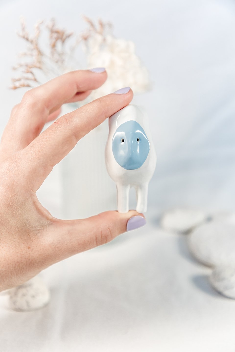 Chaque œuvre est entièrement réalisée à la main en argile, puis peinte délicatement avec une peinture spéciale céramique à l'aspect vernis.
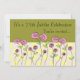 Catholic Nun 75th Jubilee invitations, daisies. "It's a 75th Jubilee Celebration, You're Invited". Yellow and cream polka dots on soft yellow and olive green background with artist drawn pink roses. Customisation on back per the buyer.
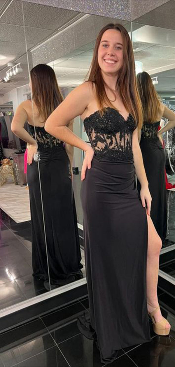 Charming Black Mermaid Sweetheart Sleeveless Side Slit Applique Cheap Maxi Long Party Prom Gowns,Evening Dresses,WGP466
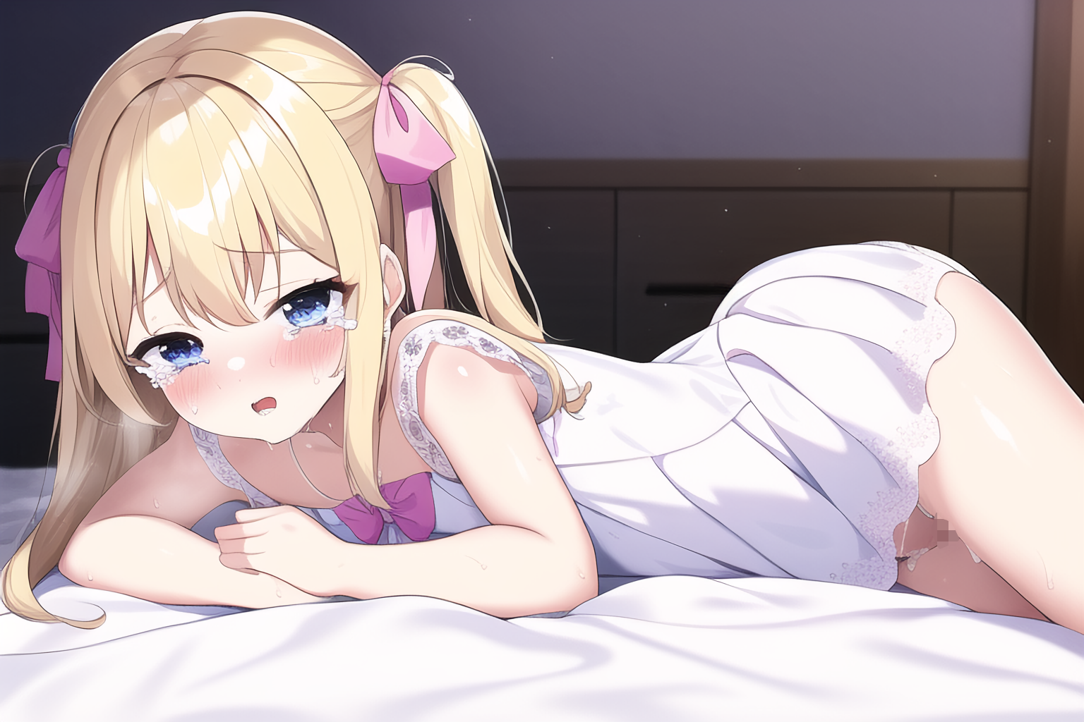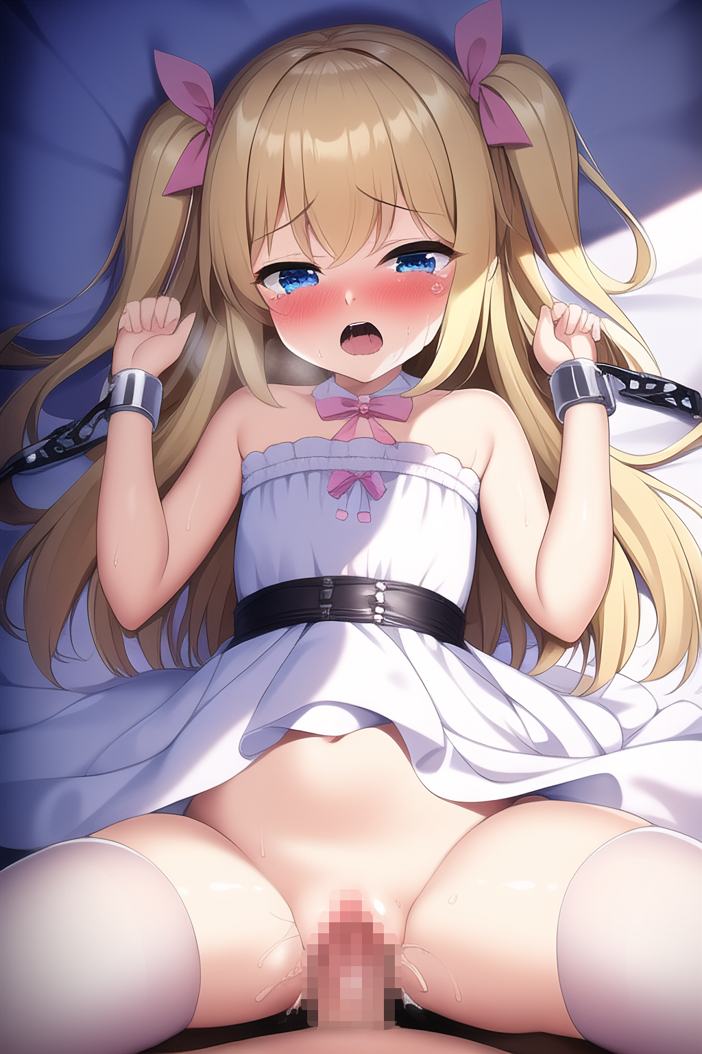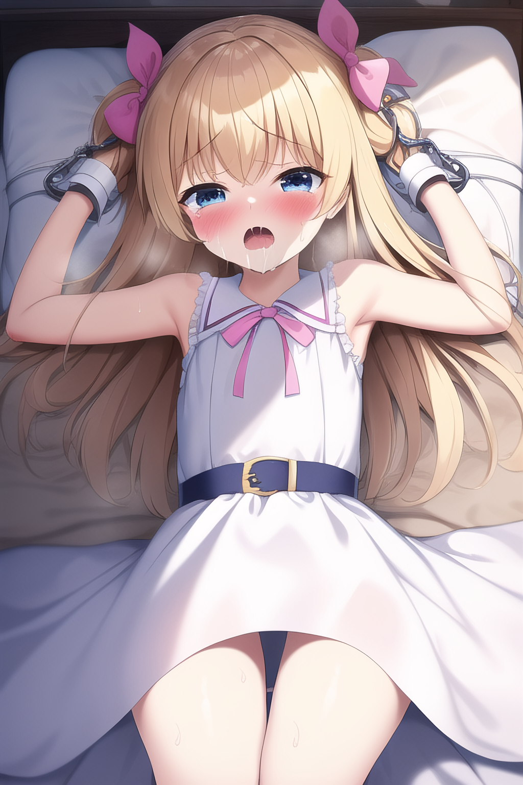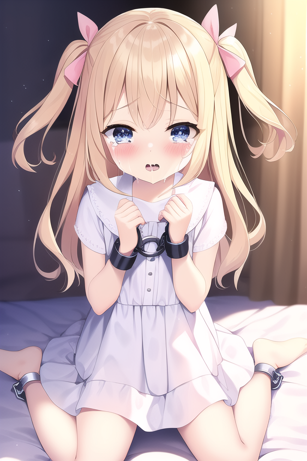 A situation where a blonde girl is forced

• _Work to be completed_
Please, without any of the pictures, set down exactly the lines from the beginning of the listing to the line that contains "Catholic Nun 75th", inclusive.

• _Completed task_
 Chaque œuvre est entièrement réalisée à la main en argile, puis peinte délicatement avec une peinture spéciale céramique à l'aspect vernis.
 Catholic Nun 75th Jubilee invitations, daisies. "It's a 75th Jubilee Celebration, You're Invited". Yellow and cream polka dots on soft yellow and olive green background with artist drawn pink roses. Customisation on back per the buyer.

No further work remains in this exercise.